In developer experience terms, if it really is an “approach” is to have the API user pinpoint the model in the system prompt separately (even after pointing to the model in the API call itself), it differs quite a bit from what OpenAI’s competitors like Claude or Perplexity offer via their API by default.

When you specify a model sub-type like gpt-4-turbo-2024-04-09 in an API call, it’s (at least in my mind) a valid and logical expectation that this instruction alone should suffice for the model to utilize its most recent training data and knowledge cutoff, without further need for system prompt steering to pinpoint gpt-4-turbo-2024-04-09 separately for it to align to its latest cutoff date and its associated data.

API’s like Claude and Perplexity both seem to use the latest available data to deliver results when instructed to perform as an AI assistant without further system prompt steering on the API side, whereas gpt-4-turbo-2024-04-09 really seems to require pinpoint identification in the system message or it won’t anchor itself correctly to its proper cutoff date and hence can and produce i.e. outdated output by default.

The requirement for exact model identification within the system message (rather than relying on the selected model’s inherent knowledge parameters or i.e. simply to what model the API call is pointing to) could lead to the model sourcing information from an incorrect or outdated dataset, and that discrepancy might be a contributing factor to the latest model checkpoint’s reported sub-par performance.

Ideally, the latest model should always default to its latest data by default, and this doesn’t seem to be the case at the moment with gpt-4-turbo-2024-04-09. Again, feel free to use the code snippet above to do your own A/B comparisons with i.e. Q&A’s related to events that took place between Apr-Dec 2023 and come to your own conclusions. :slight_smile:

On my side it said “April 2024” the whole morning (I tried more than once as it seemed strange) until I read this post and I tried again. Now it says “April 2023”.

1 Like

Is there a way to check whether this is actually the updated model?

I’d say there’s no 100% way to be sure of anything the model says, ever. You may or may not remember the “persisting hallucination problem” that ChatGPT had for some days last December where it “thought” it was version GPT-4.5.

Especially if OAI’s own system prompt isn’t pinpointing and anchoring the model accurately with the system prompt, as what’s been discovered in terms of model behavior on the API side would imply, if it’s not system prompt-pointed to the exact checkpoint and hence to a cutoff date, it can and will be all over the place.

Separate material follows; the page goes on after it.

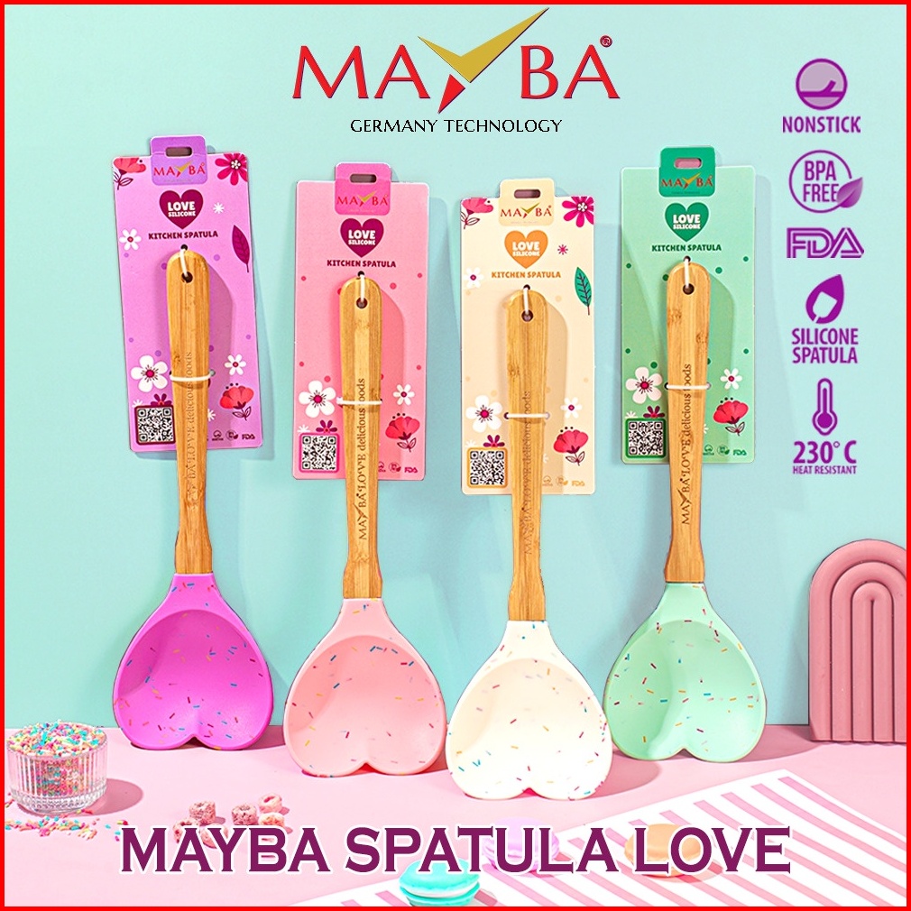 Mayba Spatula Love Silikon Tebal Anti Leleh - Sutil Tuner Silicone Bpa Free Paling Bagus Tuk Panci Set Mpasi Baby Bayi

For instance, gpt-4-turbo-2024-04-09 (the latest version) should have a cutoff date of December 2023. https://platform.openai.com/docs/models/gpt-4-turbo-and-gpt-4

In that context, if ChatGPT is telling you that its current cutoff date is April 2024, eh, I’d be skeptical of that. Ask if it has a bridge for sale in Brooklyn while at it. :slight_smile:

2 Likes

So strange… I wonder whether it switches between models based on traffic or whether it just doesn’t know.

1 Like

Tokens are randomly sampled from all possibilities. You’re basically not going to get the same thing twice out of ChatGPT. When it gets to fabricating numbers after gpt-4-, there’s 100k different things the AI could output, in proportion to how certain it is.

ChatGPT can even invoke internet search to get wrong answers about what model you get, which is not named and can be constant trials of different models under evaluation, by alternation, or by testing groups. Ask in Chinese, get a different answer.

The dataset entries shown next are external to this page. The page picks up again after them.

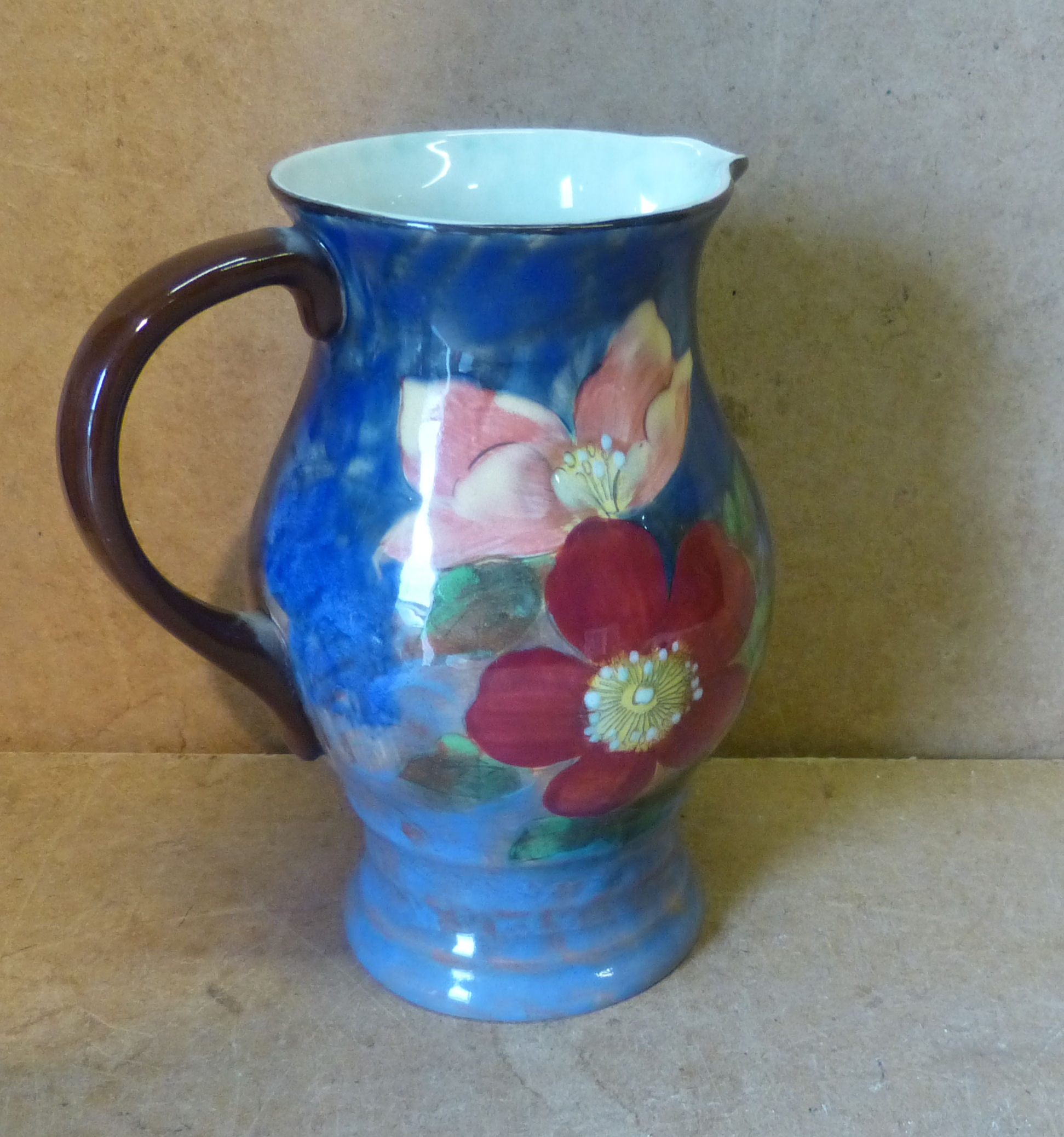 A Royal Doulton Bulbous Jug on blue ground with multi coloured floral and leaf decoration
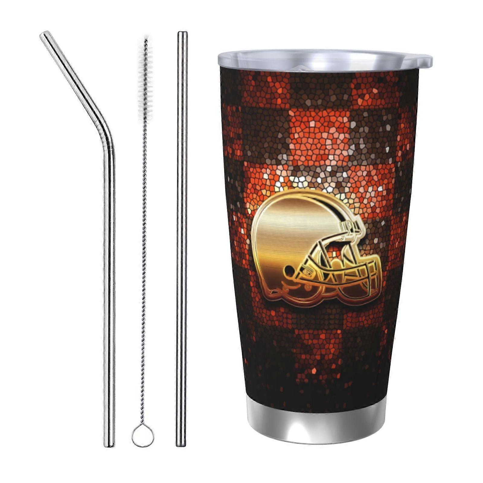 Browns Football Team 20oz Stainless Steel Thermos Cup with Lid & Straw - Compatible with Car Cup Holders, Hot & Cold Drinks
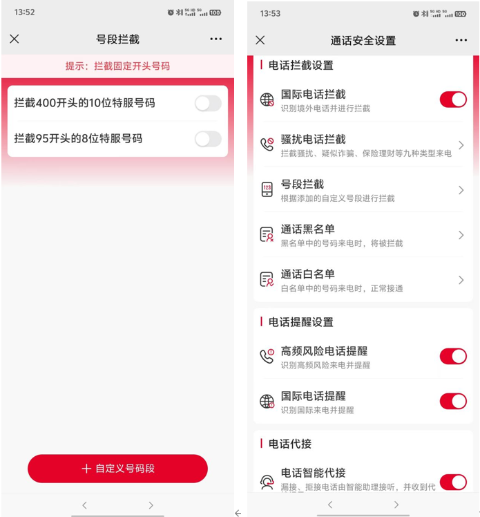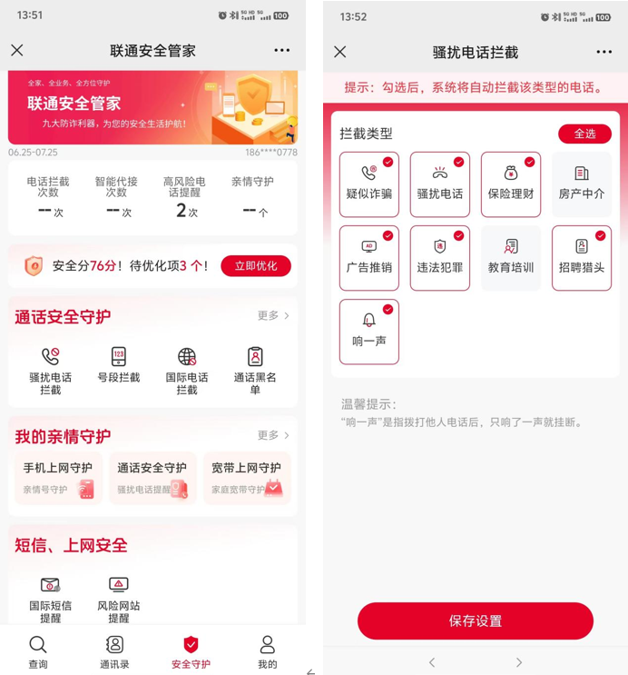 联通安全管家通过AI和大数据,可以对疑似诈骗、骚扰电话、保险理财等9种类型的电话提供提醒及拦截服务,支持号段拦截、国际电话拦截、通话黑名单拦截和通话白名单管理。被拦截的电话将转入智能代接,如此一来机主不会接到诈骗和骚扰电话,万一有误拦截的来电,也可以收到对方的留言提醒。这些功能在页面上都可以轻松设置。

So far, my experience in coding is quite similar - I’m unsatisfied with gpt-4-turbo and am sticking to gpt-4, for the rare moments I deem Claude incapable. However, for other sorts of text generation, turbo seems pretty decent at 1/3 the price of gpt-4.

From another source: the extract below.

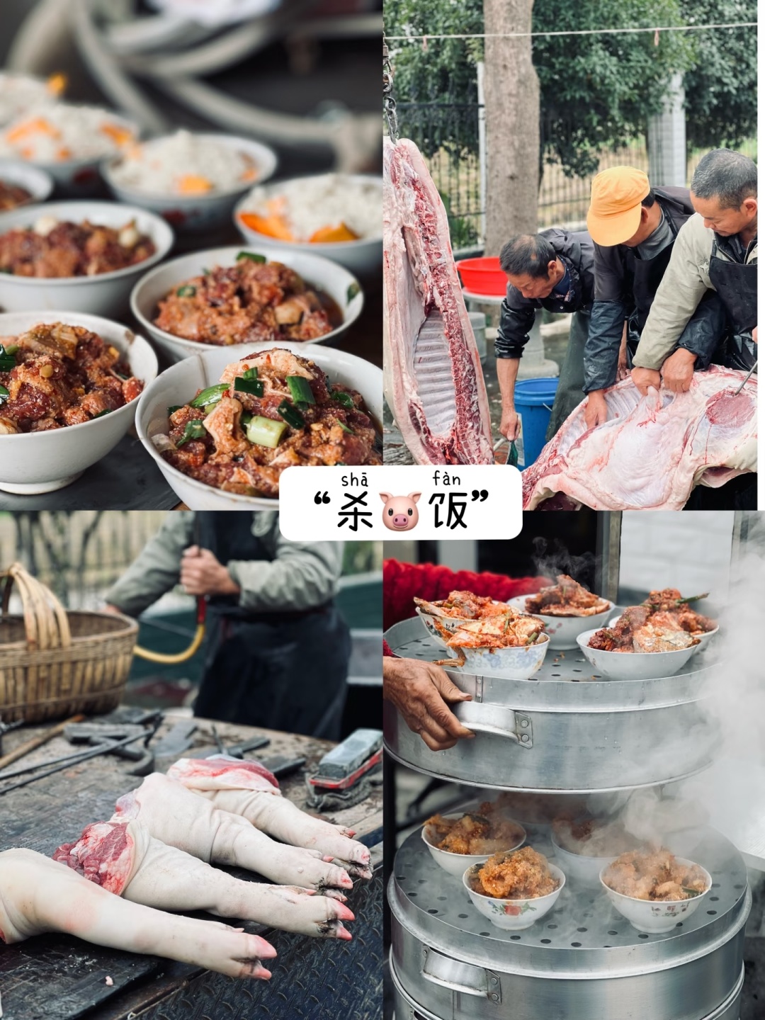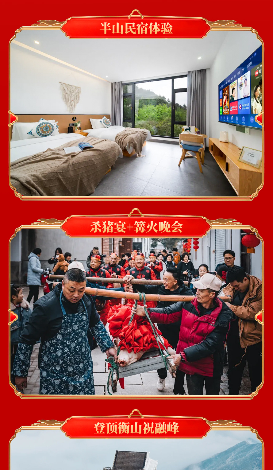 - 15:00-17:00 办理入住,休息放松,拍山景,参与杀猪,一起按猪,分猪肉,起火做大餐,写对联写福送福。
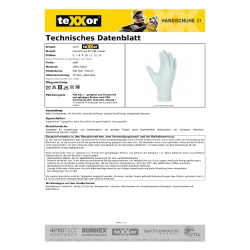Eigenschaften "teXXor® Handschuhe NYLON schwer 9, weiß"

That said, it’s a bit disappointing that the model still seems less capable than gpt-4 for any task I throw at it, and it’s been almost a year since the “golden era” of gpt-4. Something has clearly changed, for the worse, with gpt-4’s parameters or similar over the last couple months.

In a perfect world, there would be a premium model, and then there would be the everyday usage gpt-4-turbo. gpt-4 seems in the middle of those two spectrums.

I for one would have no qualms paying more. I feel like the API is already pretty inexpensive for intensive tasks. Maybe others have a different opinion.

Yes, and that’s exactly what I was after with the initial bug report – additional model anchoring is required in the system prompt at the moment.

See the code snippet I posted: above: Gpt-4-turbo-2024-04-09 does not anchor to most current cutoff date by default - #9 by FlyingFathead

Try it out for yourself as an A/B test, or just use the API Playground with the same kind of additional model steering. Again, specifically stating i.e. “You are gpt-4-turbo-2024-04-09” in the system prompt does all the difference in the world when it comes to the model being able to access the latest cutoff dates.

I think the problem you described about worsening output quality might revolve around that. It’s misaligned and doesn’t attach to the correct cutoff date, however you want to put it.

Since gpt-4-turbo now points to gpt-4-turbo-2024-04-09 as well, be aware that without further specification and model steering in the system message, it’s unable to access the later cutoff date (December 2023) properly.

That is more than likely contributing to the sub-optimal performance, even if you’re not actively asking about recent events between Apr-Dec 2023. It’s likely still tossing the coin towards its earlier checkpoints/cutoff dates.

In my view, that’s symptomatic of a larger issue and also might point to a larger model structure problem and the perceived diminishing performance on GPT-4’s newer checkpoint variants.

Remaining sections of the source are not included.